Charles River will host a Meeting with Management on Tuesday, August 14,
from 8:00 a.m. to 12:30 p.m. ET in New York. The meeting will also be
webcast live on the Investor Relations section of the Company's website
at ir.criver.com.

Non-GAAP Reconciliations/Discontinued Operations

The Company reports non-GAAP results in this press release, which
exclude often-one-time charges and other items that are outside of
normal operations. A reconciliation of GAAP to non-GAAP results is
provided in the schedules at the end of this press release. In addition,
the Company reports results from continuing operations, which exclude
results of the Phase I clinical business that was divested in 2011. The
Phase I business is reported as a discontinued operation.

Use of Non-GAAP Financial Measures

This press release contains non-GAAP financial measures, such as
non-GAAP earnings per diluted share, which exclude the amortization of
intangible assets, and other charges related to our acquisitions;
bargain gains associated with our acquisitions; expenses associated with
evaluating and integrating acquisitions and divestitures, as well as
fair value adjustments associated with contingent consideration;
charges, gains, and losses attributable to businesses or properties we
plan to close, consolidate, or divest; severance and other costs
associated with our efficiency initiatives; gain on and tax effect of
the divestiture of the CDMO business; the write-off of deferred
financing costs and fees related to debt financing; and costs related to
a U.S. government billing adjustment and related expenses. This press
release also refers to our revenue in both a GAAP and non-GAAP basis:
"constant currency," which we define as reported revenue growth adjusted
for the impact of foreign currency translation, and "organic revenue
growth," which we define as reported revenue growth adjusted for foreign
currency translation, acquisitions, and divestitures. We exclude these
items from the non-GAAP financial measures because they are outside our
normal operations. There are limitations in using non-GAAP financial
measures, as they are not prepared in accordance with generally accepted
accounting principles, and may be different than non-GAAP financial
measures used by other companies. In particular, we believe that the
inclusion of supplementary non-GAAP financial measures in this press
release helps investors to gain a meaningful understanding of our core
operating results and future prospects without the effect of these
often-one-time charges, and is consistent with how management measures
and forecasts the Company's performance, especially when comparing such
results to prior periods or forecasts.
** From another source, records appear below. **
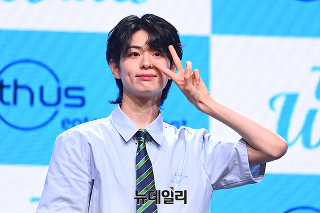 신인 보이그룹 더윈드(The Wind) 장현준이 15일 오후 서울 마포구 신한pLay 스퀘어에서 열린 데뷔 앨범 '비기닝 : 더 윈드 페이지(Beginning : The Wind Page)' 발매 기념 쇼케이스에서 포토타임을 갖고 있다.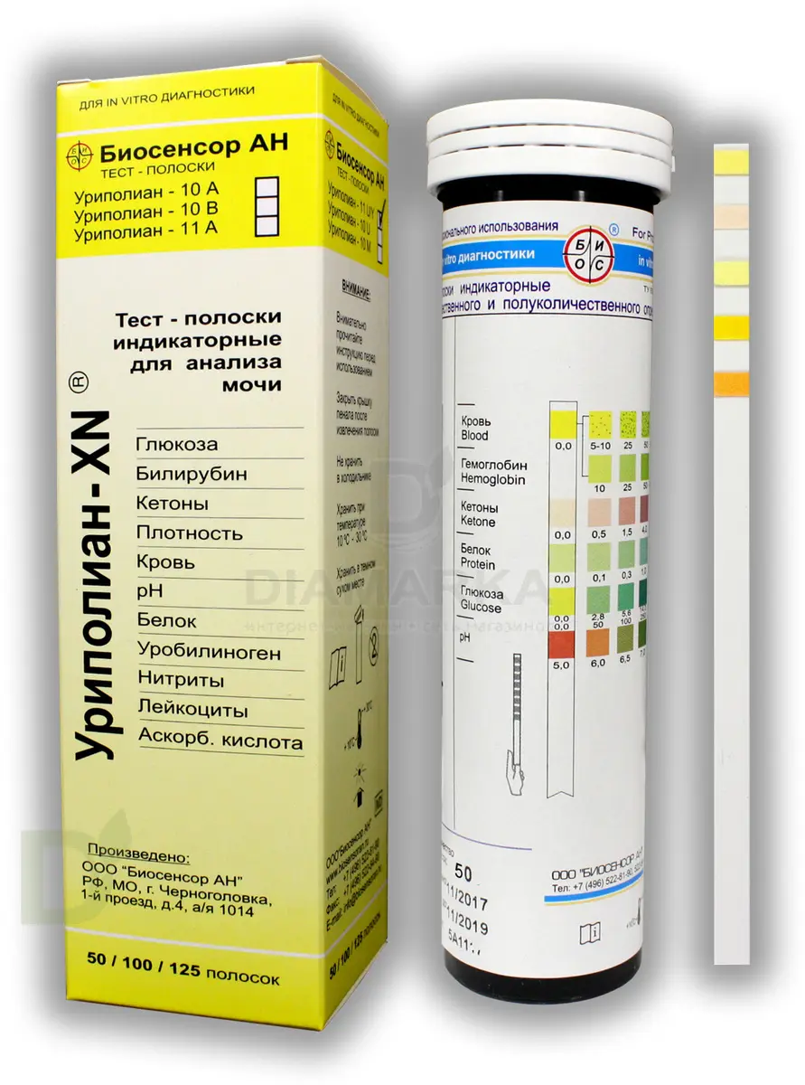 Тест-полоски визуальные Уриполиан-XN 1-he №50 для определения биохимические параметров в моче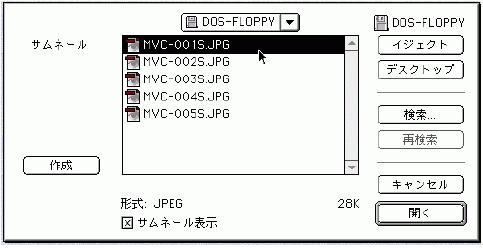 ファイルを開くウィンドウが表示されますから、ここで撮影したフロッピーをマッキントッシュに挿入します。ウィンドウには、そのフロッピーに保存されている画像ファイルの一覧表が表示されます。ファイルには撮影した順番に通し番号がつけられています。画像はJPEG形式なので、JPGという拡張子もついています。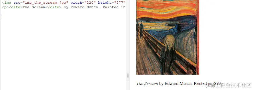 6.cite标签:定义引用,引证或定义作品(比如书籍、歌曲、电影、电视节目、 绘画、雕塑等等)的标题 表现形式: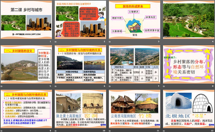 乡村聚落:即村落,是乡村地区人们的居住场所,也是人们进行生产和社会活动的场所。

We believe that the financial
impact of our acquisitions and divestitures (and in certain cases, the
evaluation of such acquisitions and divestitures, whether or not
ultimately consummated) is often large relative to our overall financial
performance, which can adversely affect the comparability of our results
on a period-to-period basis. In addition, certain activities and their
underlying associated costs, such as business acquisitions, generally
occur periodically but on an unpredictable basis. We calculate non-GAAP
integration costs to include third-party integration costs incurred
post-acquisition. Presenting revenue on an organic basis allows
investors to measure our revenue growth exclusive of acquisitions,
divestitures, and foreign currency exchange fluctuations more clearly.
Non-GAAP results also allow investors to compare the Company's
operations against the financial results of other companies in the
industry who similarly provide non-GAAP results. The non-GAAP financial
measures included in this press release are not meant to be considered
superior to or a substitute for results of operations prepared in
accordance with GAAP. The Company intends to continue to assess the
potential value of reporting non-GAAP results consistent with applicable
rules and regulations. Reconciliations of the non-GAAP financial
measures used in this press release to the most directly comparable GAAP
financial measures are set forth in this press release, and can also be
found on the Company's website at ir.criver.com.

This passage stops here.